Amid a push toward AI agents, with Anthropic and OpenAI shipping multi-agent tools this week, Anthropic is more than ready to show off some of its most daring AI coding experiments. But as is usual with claims of AI-related achievements, you’ll find some key caveats below.
On Thursday, anthropic researcher Nicholas Carlini published a blog post describing how he unleashed 16 instances of the company’s Claude Opus 4.6 AI model into a shared codebase with minimal oversight, tasking them with building a C compiler from scratch.
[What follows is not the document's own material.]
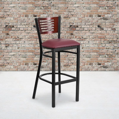 The metal barstool is a popular choice for furnishing restaurants, pool halls, lounges, bars and other high traffic establishments. This stool is easy to clean, which is an important aspect when it comes to a business. This stool was designed to withstand the daily rigors in the hospitality industry, but will also provide a chic look to your home. The thick, foam padded seat will keep users comfortable. The frame is stabilized using two welded support bars, which includes a footrest. The floor glides help protect your floors and ensure smooth gliding. The simple and lightweight design of this stool will not disappoint, whether used for residential or commercial grade use. Additional Features: Two Curved Support Bars, Footrest, 18 Gauge Steel Frame, Powder Coated Frame Finish, Floor Protector Plastic Glides, Designed for Commercial Use; Suitable for Home Use

Over two weeks and nearly 2,000 Claude Code sessions costing about $20,000 in API fees, the AI model agents reportedly produced a 100,000-line Rust-based compiler capable of building a bootable Linux 6.9 kernel on x86, ARM, and RISC-V architectures.
Carlini, a research scientist on Anthropic’s Safeguards team who previously spent seven years at Google Brain and DeepMind, used a new feature released with Claude Opus 4.6 called “agent teams.” In practice, each Claude instance ran inside its own Docker container, cloning a shared Git repository, reclaiming tasks by writing locked files, and then pushing the entire code back up. No orchestration agent directed traffic. Each instance independently identified the problem that seemed most obvious to work on next and began solving it. When merge conflicts arose, the AI model instances resolved them on their own.
The resulting compiler, which Anthropic has released on GitHubcan build a variety of major open source projects, including PostgreSQL, SQLite, Redis, FFmpeg, and QEMU. It achieved a 99 percent pass rate on the CCG’s suite of torture tests and, in what Carlini called “the ultimate developer litmus test,” compiled and ran Condemn.
It’s worth noting that a C compiler is a near-ideal task for coding semi-autonomous AI models: the specification is decades old, and complete, well-defined test suites already exist, and there’s a healthy reference compiler to compare against. Most real-world software projects have none of these advantages. The hard part of most development is not writing code that passes tests; it’s about figuring out what the tests should be in the first place.